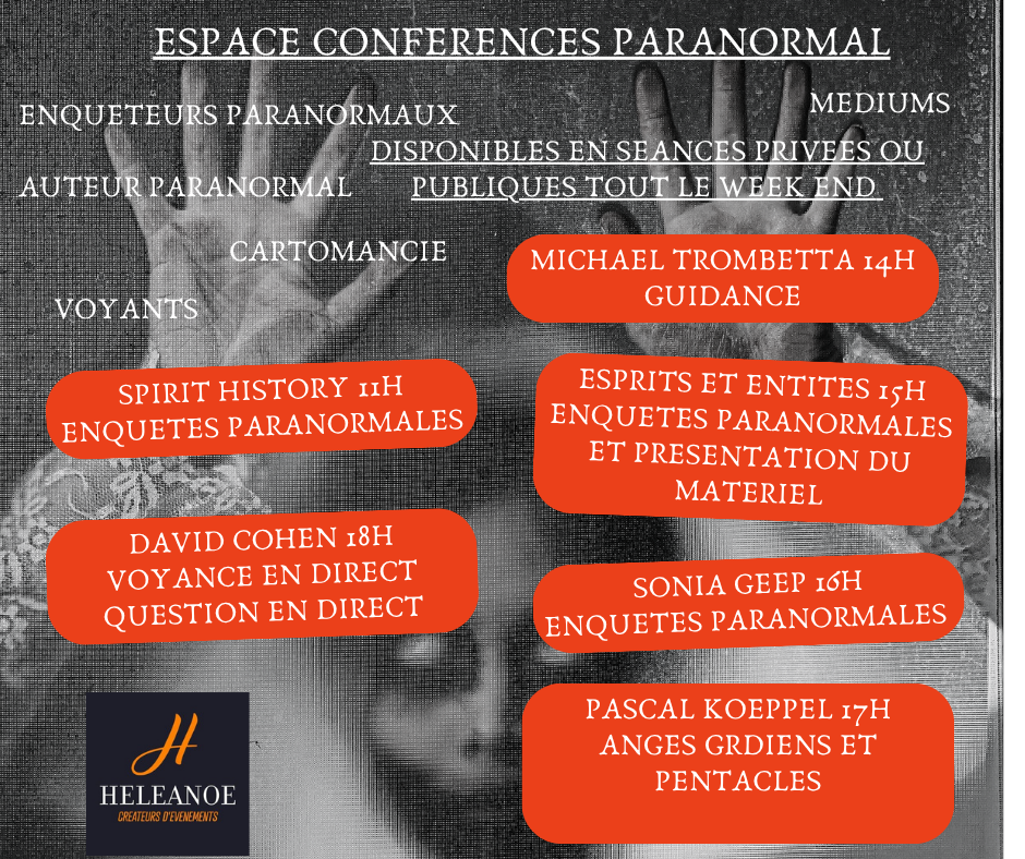 Tout le week-end, retrouvez des conférences fascinantes animées par des spécialistes du paranormal, de la médiumnité, de l’ésotérisme, de l’énergie et des phénomènes inexpliqués.
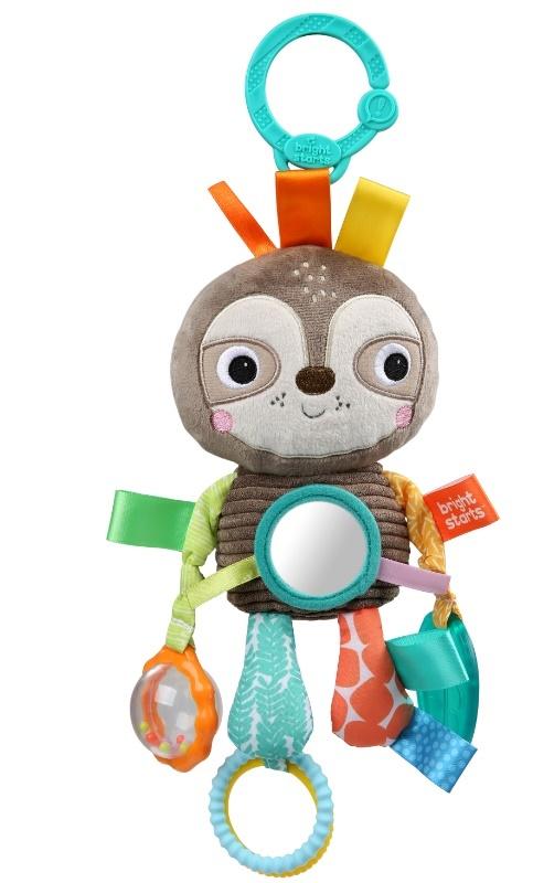 Uroczy, miękki leniwiec z aktywizującymi zawieszkami o różnych kolorach i fakturach, lustereczkiem na brzuszku i gryzakami.
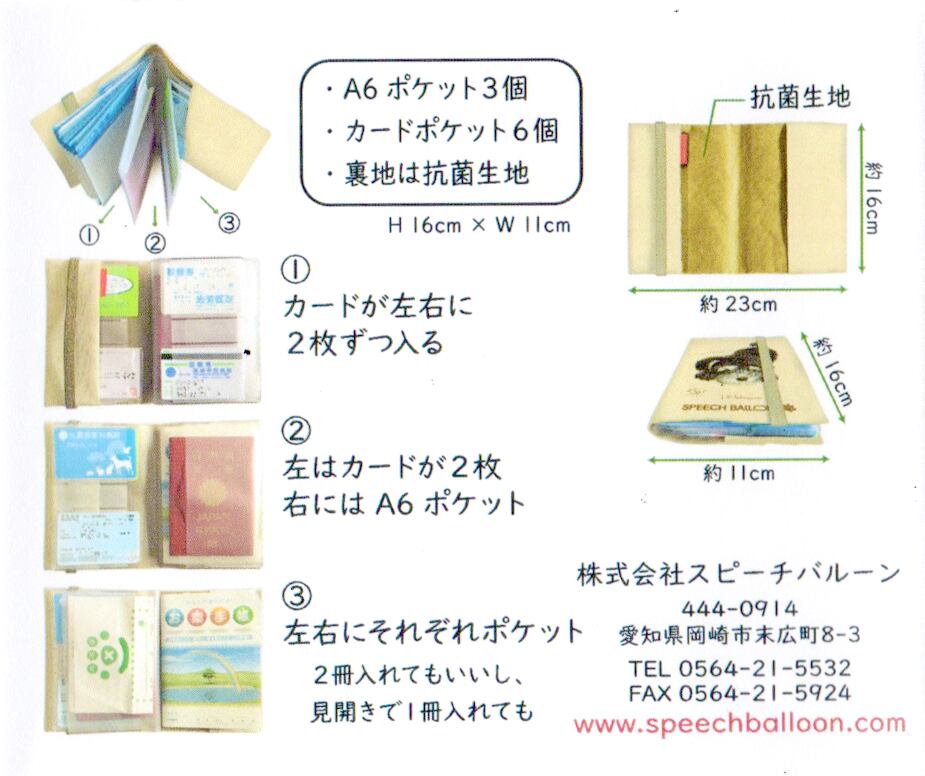 診察券や保険証の収納に便利なカードポケットを6個装備
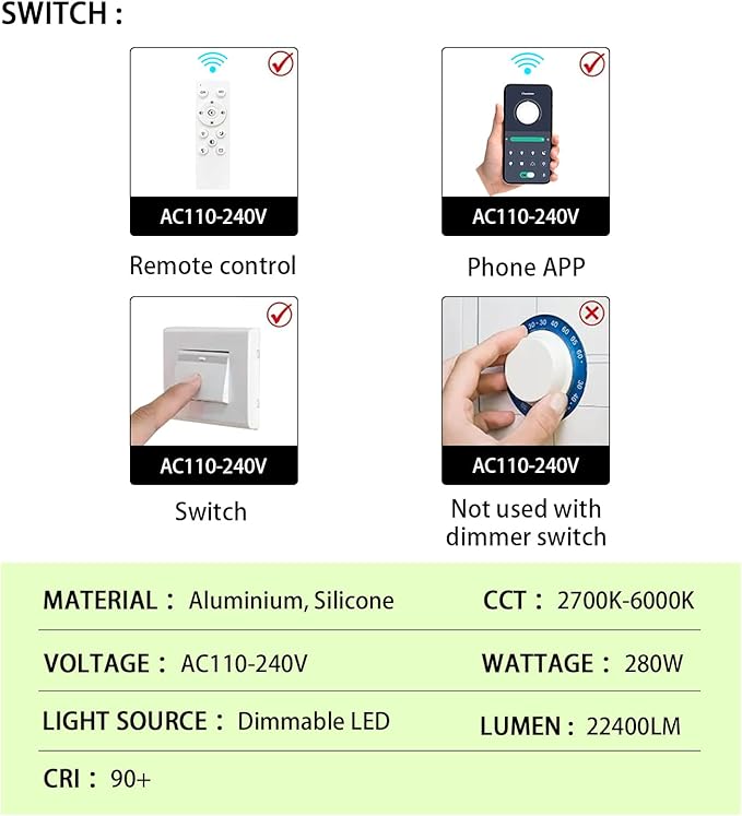 - 【Dimmable Black LED Chandelier Light Fixture】Brightness can be freely adjusted from 10-100% via remote control offered. The color tempearature dimmable range is 2700K-6000K. Three light modes: warm light, natural light, white light. The modern chandelier light fixture has built-in LED lights, which is with long service life over 50000 working hrs, can also save a lot of electricity. Power: 280W, Lumen: 22400, CRI up to 90, Voltage: 110-240V
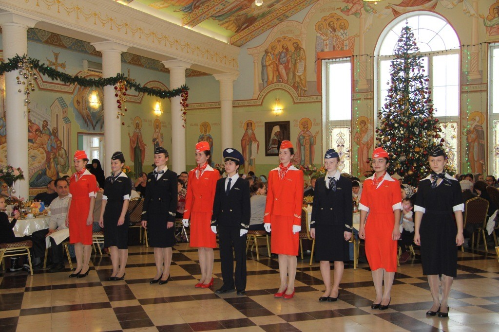 После молитв и звонка на трапезу в центр зала вышли самые настоящие бортпроводницы и капитан авиалайнера «Отрада», «уже 25 лет кругосветно путешествующий по всему миру», и вполне профессионально по-русски и по-английски сделали объявление о маршруте путешествия и мерах безопасности во время такого особенного полета.
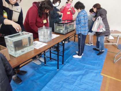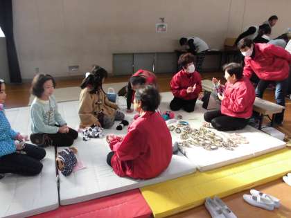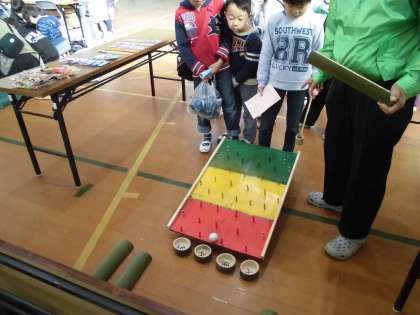 体育館のフロアーでは,女性会の方の「むかしあそび」や交通安全推進委員会コーナーや「コイン落とし」といった普段しない遊びにチャレンジしていました。
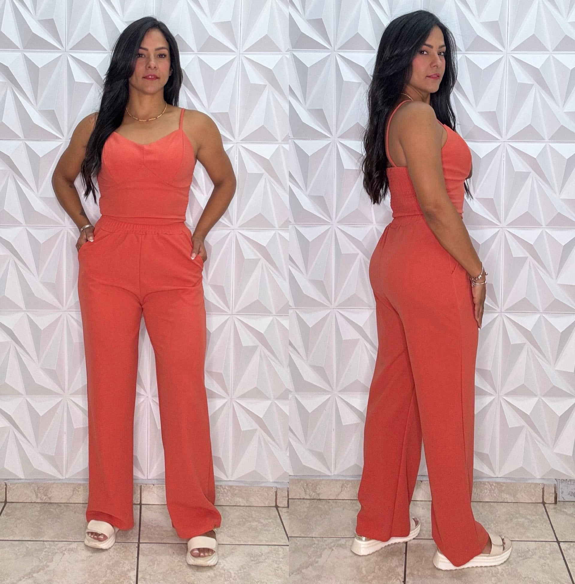 La tela es stretch, el top tiene elástico en la espalda. El pantalón es high waist y tiene bolsillos. Corre al size. Usando Small.
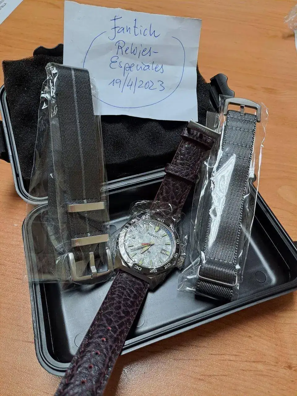 Nuevo sin estrenar. Se incluye toda la dotación compuesta por estuche, reloj y dos correas natos.

- Required action -
Word for word, retype the material above without its pictures.

- Answer box -
 Tout le week-end, retrouvez des conférences fascinantes animées par des spécialistes du paranormal, de la médiumnité, de l’ésotérisme, de l’énergie et des phénomènes inexpliqués.
 Uroczy, miękki leniwiec z aktywizującymi zawieszkami o różnych kolorach i fakturach, lustereczkiem na brzuszku i gryzakami.
 診察券や保険証の収納に便利なカードポケットを6個装備
 - 【Dimmable Black LED Chandelier Light Fixture】Brightness can be freely adjusted from 10-100% via remote control offered. The color tempearature dimmable range is 2700K-6000K. Three light modes: warm light, natural light, white light. The modern chandelier light fixture has built-in LED lights, which is with long service life over 50000 working hrs, can also save a lot of electricity. Power: 280W, Lumen: 22400, CRI up to 90, Voltage: 110-240V
 После молитв и звонка на трапезу в центр зала вышли самые настоящие бортпроводницы и капитан авиалайнера «Отрада», «уже 25 лет кругосветно путешествующий по всему миру», и вполне профессионально по-русски и по-английски сделали объявление о маршруте путешествия и мерах безопасности во время такого особенного полета.
 体育館のフロアーでは,女性会の方の「むかしあそび」や交通安全推進委員会コーナーや「コイン落とし」といった普段しない遊びにチャレンジしていました。
 La tela es stretch, el top tiene elástico en la espalda. El pantalón es high waist y tiene bolsillos. Corre al size. Usando Small.
 Nuevo sin estrenar. Se incluye toda la dotación compuesta por estuche, reloj y dos correas natos.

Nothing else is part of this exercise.